Everyone loves a good website, and we’re all used to the basic web interface. That’s why we’re going to build our app based on solid web page user interface standards. We won’t have to worry about building out the UI, and we might even be able to keep lots of the app in JavaScript. This is going to be great!

Except, it’s not. There are vast and important differences between the way users expect to interact with a website and the way they expect to interact with a mobile app. Don’t try to get away with doing a single UX design for both. Let each be optimally what it’s intended to be, and you’ll end up with happier users, a more productive workflow, and a more successful mobile app.

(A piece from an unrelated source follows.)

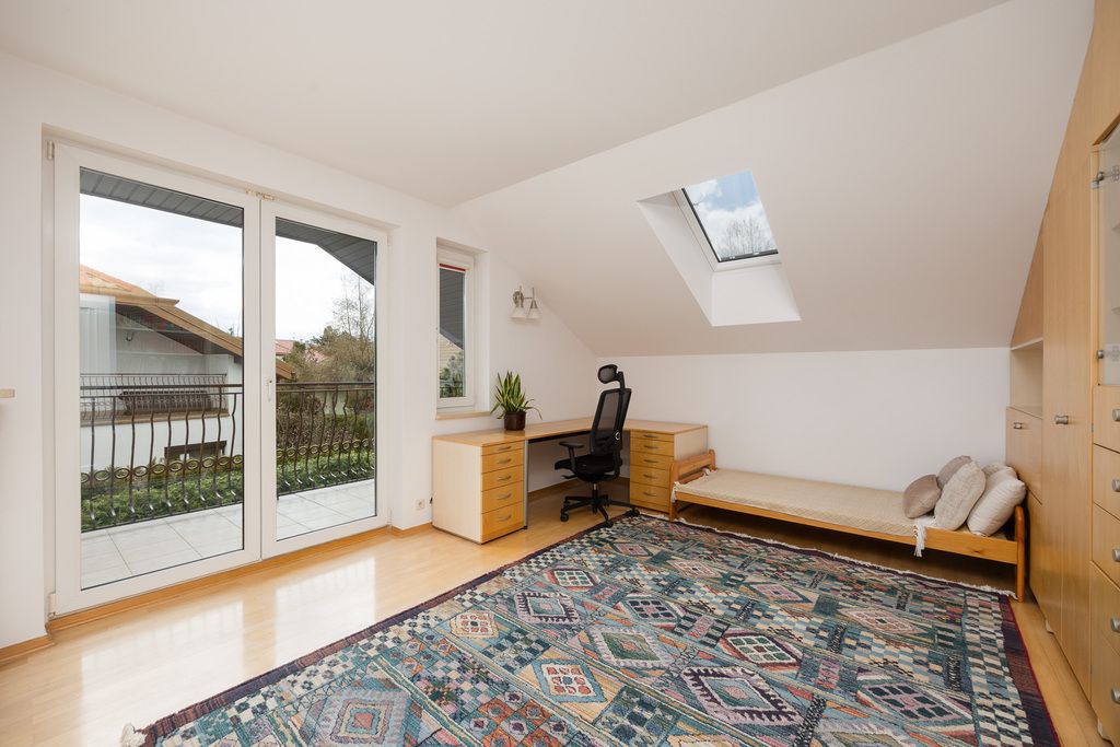 Piętro to trzy sypialnie, w tym jedna z prywatną łazienką (prysznic), a także druga, większa łazienka z wanną i możliwościami własnej aranżacji. Dwie sypialnie mają wyjścia na duży balkon skierowany w południowo wschodnią stronę.

Be Really Fuzzy About Defining Success

“What will a successful app look like?” seems an almost absurd question, but you’d be surprised at how many dev efforts don’t really include an answer. In one sense, if you manage to shove the app out the door, then it’s successful. But we all know completing the coding for an app and creating a successful app are two distinct things.

The product owner is the one who should ideally develop the criteria for success. Criteria might include things like productivity gain, specific use levels, audience size, targeted cost reductions, and user satisfaction scores. Now, note all of these are business-case goals. That’s where the success really lies, and where designers and developers have to understand and agree on the definitions of success. Without such knowledge and agreement, you can easily get right back to the situation in which designers and developers are working on separate projects with the same name.

Be Your Own Beta Tester

Hey, you know what would prove our dedication to this project? We’ll “dogfood” it and be our own beta testers. That way, we’ll end up with a better app (after all, who knows it better than us?) and our example will show how great the app really is!

So, the idea of “dogfooding” (as in, we use our own apps, “eat our own dog food” in industry jargon) is powerful, but in this instance it’s powerfully wrong. The biggest reason it’s wrong is that you know the app too well. You know precisely what it’s supposed to do, so you’re less likely to try the truly bizarre things real beta testers will try to get your app to do.

Once it’s up and running, feel free to use it if it meets your business needs, but respect your eventual users enough to conduct a real beta test program with actual beta testers. For what it’s worth, your real users shouldn’t be your beta testers, either. They’re getting tired of playing the role with no warning and no reward. Just sayin’.

Forget Why You’re Developing The App

So here you are, deep in your 14th sprint of the project and boy, those new features are coming along nicely. This has become a great team-building project for the developers, and a lot of the code will be useful later on, so the project is a great success. The app will really help … which department was that again? Never mind, it will really help them do the, uh, thing it’s helping with.

We’re all familiar with development projects getting so big and convoluted the original purpose of the exercise is lost. Managers and project owners have to take responsibility for keeping everyone’s eyes focused on the reason for the app and the ultimate definition of success.

There they are, 10 ways to absolutely wreck a mobile app dev project — and 10 ways to keep things from running off the rails.